His father passed away 6 years ago, and his mother's drinking has gotten worse. She allows my husband to do cocaine in her house because she doesn't want him in the streets, so I guess it makes it right? Then when she is sober, she complains that she wants her son off of the drugs, yet she is the one enabling him... She is the most manipulative scheming person, and alot of his bad habits come from her...she has taught him that he doesn't have to respect women in general because he doesn't respect her, and she has spoiled him rotten to the point where he feels he doesn't have to work hard for anything.

Well all that changed when he met me. I am a fighter. I have held down the same government job for 10 years, raised my daughter on my own before I met him, and I also have my own company.
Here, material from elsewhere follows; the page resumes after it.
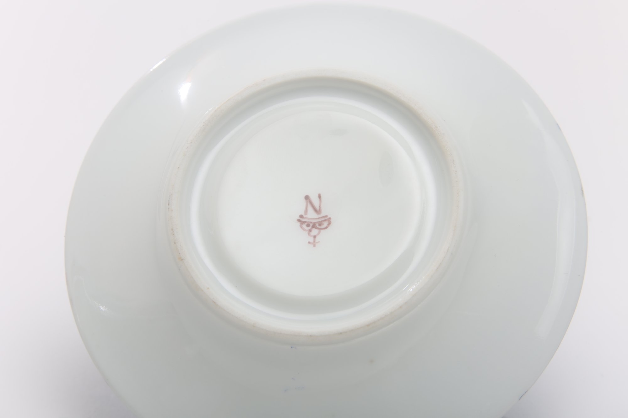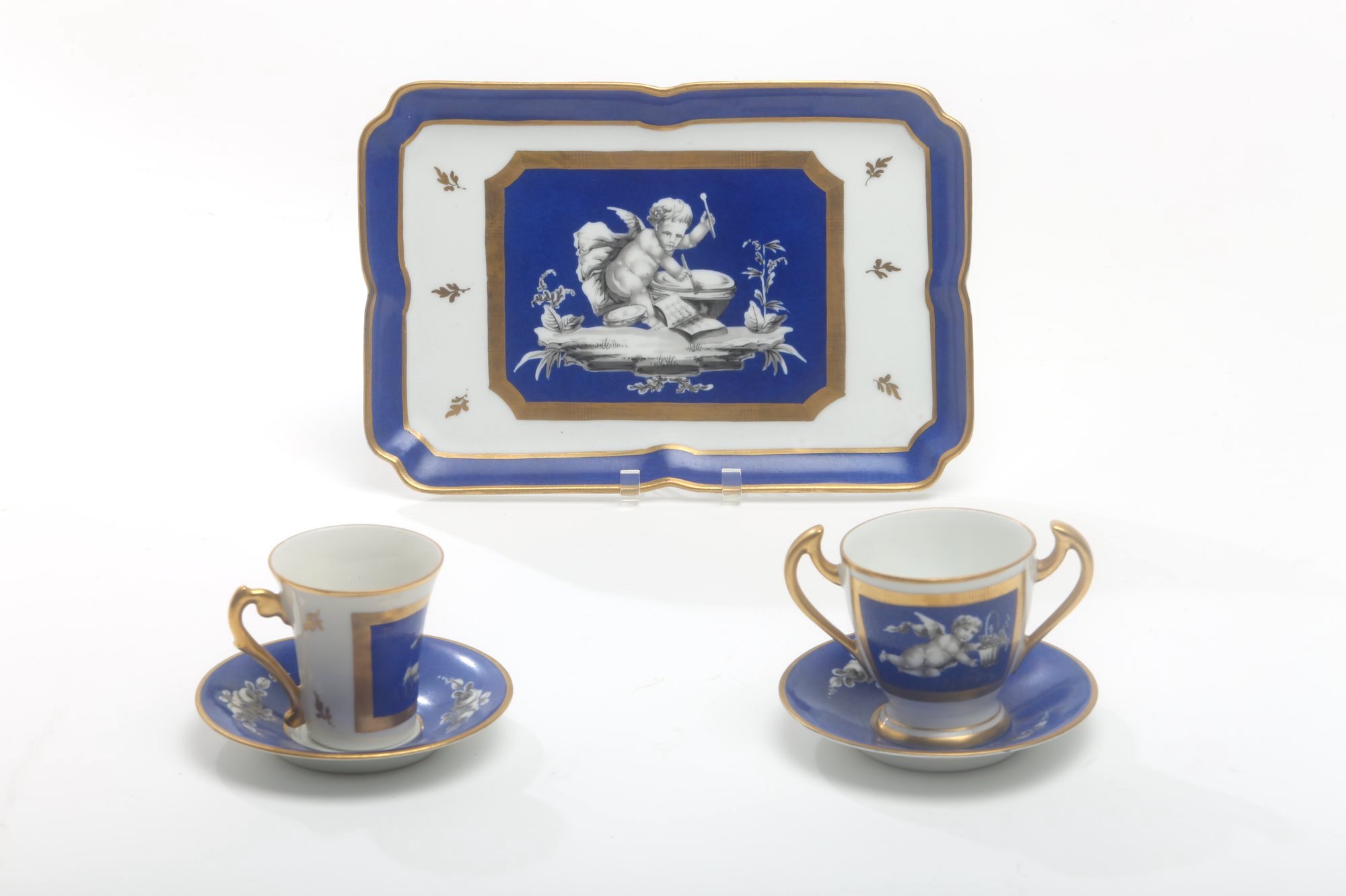 Plates 4 in, tray 9 x 6 in, cups 2.5 in

How can I sit around with a man that has no goals, no sense of direction, no love or respect for his own body... I decided I needed a man who is either at my level or higher... Yeah, there's LOVE... people have distorted definitions of love.

For me, love doesn't hurt or make you cry... Real love is beautiful. an addict is incapable of love because he/she doesn't love themselves... So I have to force myself to detach from things that don't love me or my daughter... When he is sober, he worships the ground I walk on...that's not enough. I deserve a man who loves me through and through, and so do you.

Get to a meeting. I went to my first one over the weekend and it literally changed my life... I am going to continue to go because it makes me stronger... also, if I were you, I would detach and cut off his entire family as I have done with mine... Shut them all off. Let them deal with your husband, since they are a huge part of the problem... Cut everyone off for your own sanity and for your child's....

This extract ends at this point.